Pairwise invasion plots (PIPs) for the four-patch model with network topology Fig. 3c. \(k_1=k_2=k_3=k_4=7\), \(q=1\) and \({\tilde{q}}\) ranges from 0.01 to 2000. The horizontal axis is d and the vertical axis is D. The black regions represent the range of (dD) for which \((U^* ,0)\) is locally stable

4.2 Evolution of Slow Dispersal and Coexistence

Theorems 3 and 7 illustrate the existence of evolutionarily singular strategy for Models II and III, respectively. These singular strategies are not local CvSSs, and numerical simulations suggest they are not local ESSs either. In fact, Lemmas 16 (in “Appendix B”) and 37 (in “Appendix C”) show that zero diffusion rate can be a local CvSS for some parameter ranges in both Models II and III.

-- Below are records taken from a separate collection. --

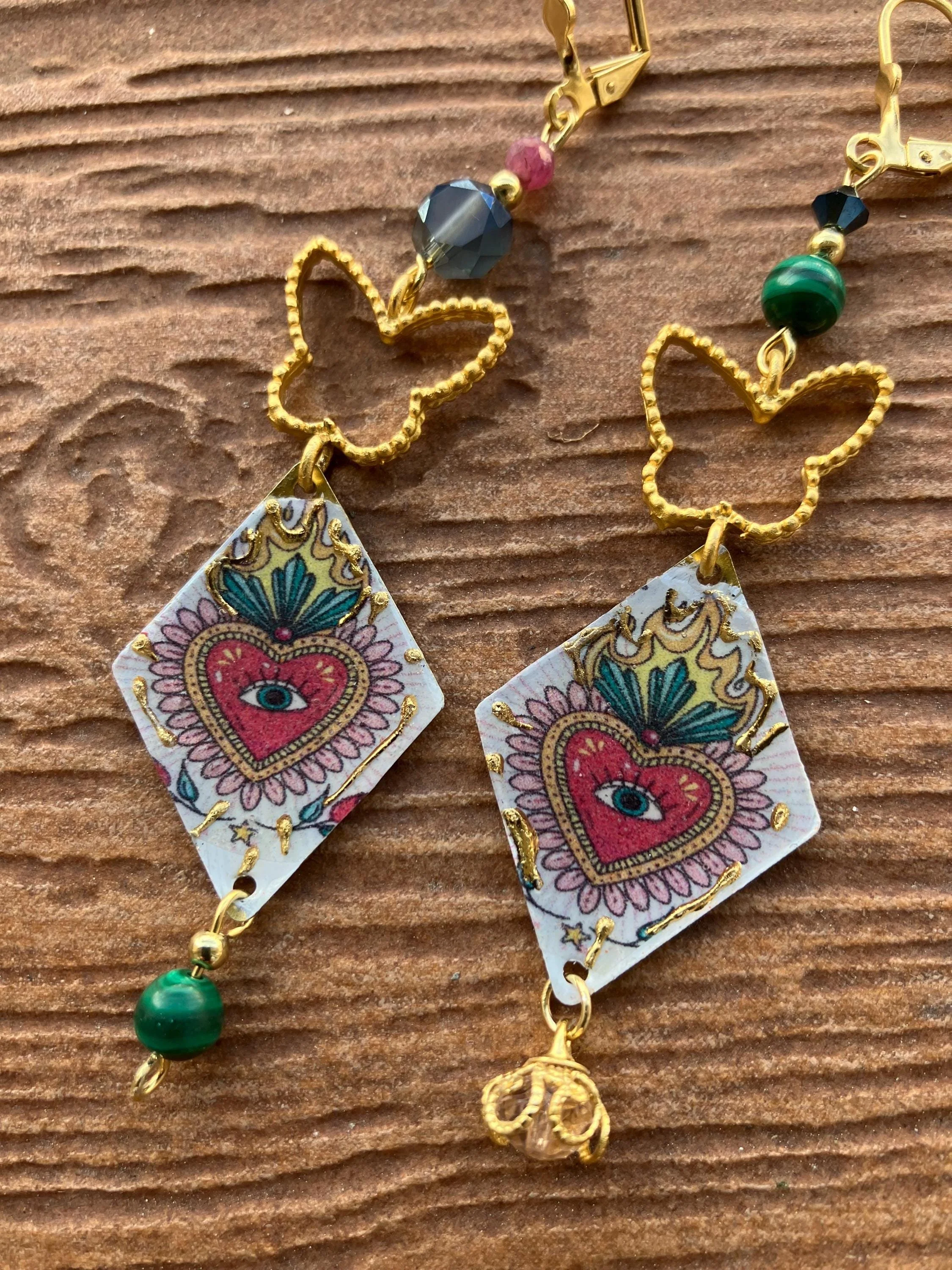 Magnifiques pendants losange en laiton peint représentant un cœur réalisés par l artiste peintre Naelatelier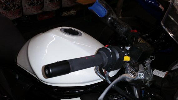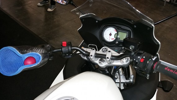 Ebenso der Stand von Mario Weiss, der neben seiner eigenen Motorrad-Werkstatt das Fischereihafen-Rennen in Bremerhaven promotet, an dem er regelmäßig aktiv als Fahrer an den Start geht. Mit Gerüst-Elementen hatte er einen Aufbau erstellt, wodurch das Banner des Traditions-Rennens hoch über der Meile thronte. Nicht zu übersehen! Bei ihm fiel mir das Bike eines Hand-Amputierten auf. Schaut euch mal die drei Bilder an. Was fällt euch auf?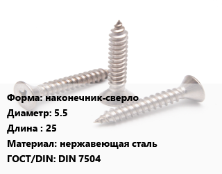 Саморез наконечник-сверло D=5.5 L=25 нержавеющая сталь ГОСТ: DIN 7504, упаковка 420 шт цена от 1 435 ₽ / кг, где купить, условия доставки в Туле и Тульской области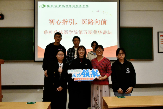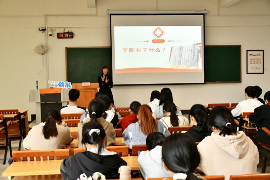 唐桂艳以“初心指引,医路前行 ”为主题,先用一系列朴实但颇有意义的问题如“你为什么学医”“学医为了什么”“作为医生我能做什么”引导同学们开始认真思考自己学医的意义。接着,她用自己的亲身经历生动且感人地向同学们分享了自己从事医学所获得的提升和得到医患家属肯定的喜悦。同时,她结合自身经验及其学习成果与贡献,告诫同学们要坚定学医的信念,完善医学知识体系,不忘初心,抓住宝贵的实习机会,规划好自己的医学之路,为早日成为一名优秀的人民医生而不断努力。最后,在自由交流和提问环节中,老师耐心地解答了同学们关于学习、生活和如何更好参与到医学实践等方面的提问,同学们收获颇丰。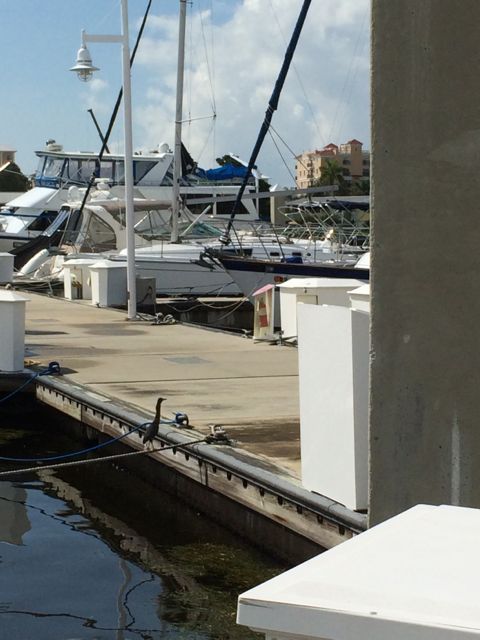 We see these yellow striped fish nibbling on pilings. Several of them, in fact. I think they are a “pin fish”. They are constantly nibbling. The Asst Dock Master was telling us “if only I could train them to clean the bottom of the boats…I’d be rich!”
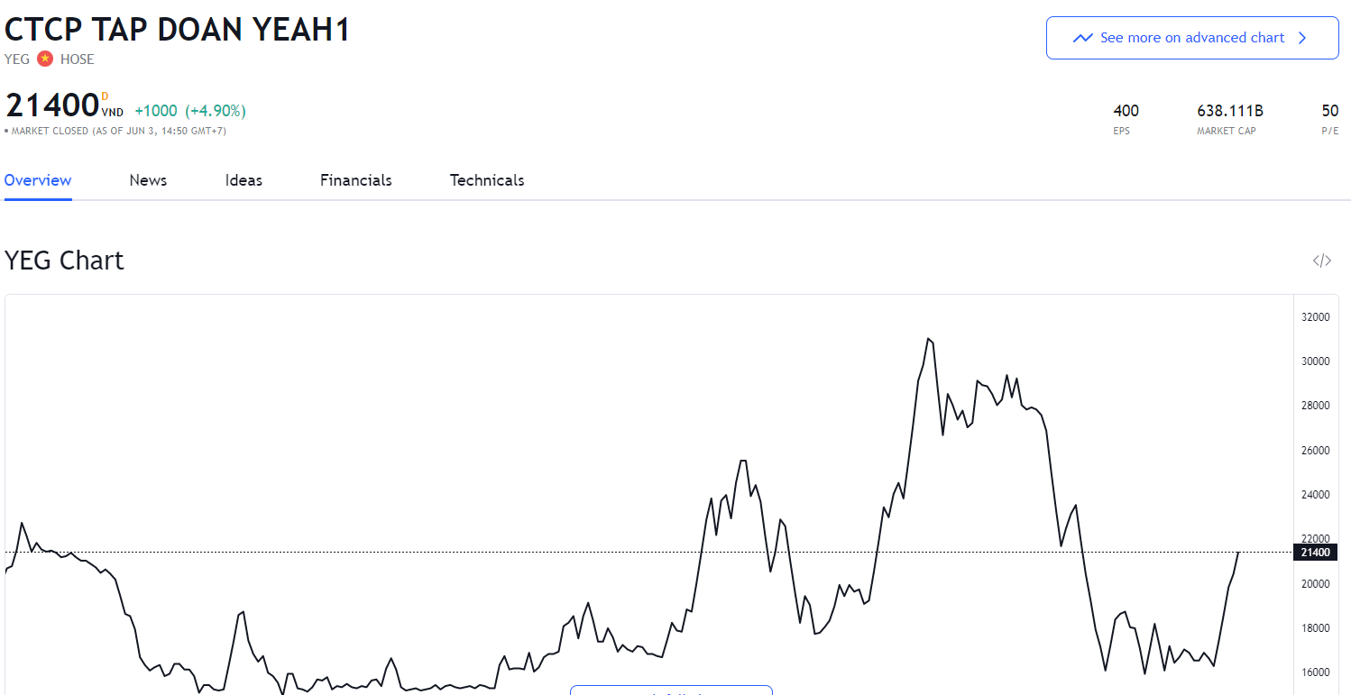 Ngày sau đó, cổ phiếu của YEG ghi nhận nhiều chuỗi phiên giảm sàn, đặc biệt chuỗi 11 phiên từ 5-18/3/2019, cổ phiếu YEG rơi một mạch từ 245.000 đồng/cp xuống còn 110.500 đồng/cp, giảm 55% giá trị, tương ứng với 4.200 tỷ đồng vốn hóa đã bốc hơi. Nếu tính từ đầu năm 2019 đến cuối tháng 8/2019 YEG mất hơn 3/4 giá trị, từ vùng giá 235.000 đồng/cp xuống 50.700 đồng/cp. Hiện, trên thị trường, cổ phiếu YEG rơi về vùng đáy khi chốt phiên ngày 6/6 ở mức 22.850 đồng/cp.

A natural question for general n-patch models is when zero diffusion rate can be a local CvSS. The analysis of Model III reveals that if there are more than one downstream patches, then it is possible for one of them to be a source patch, so that a mutant with slow diffusion rate can invade when rare in this source patch. For n-patch models it will be of interest to find sufficient conditions on the existence of some downstream source patch, by taking into account of the river network topology, so that slow diffusing populations can invade such source patch when rare.

For general n-patch models, when both zero and infinite diffusion rate are local CvSSs, it is natural to inquire whether slow and fast diffusers can coexist. It will be of interest to generalize Theorem 4 to n-patch models and to reveal the impact of network topology on the coexistence of competing species.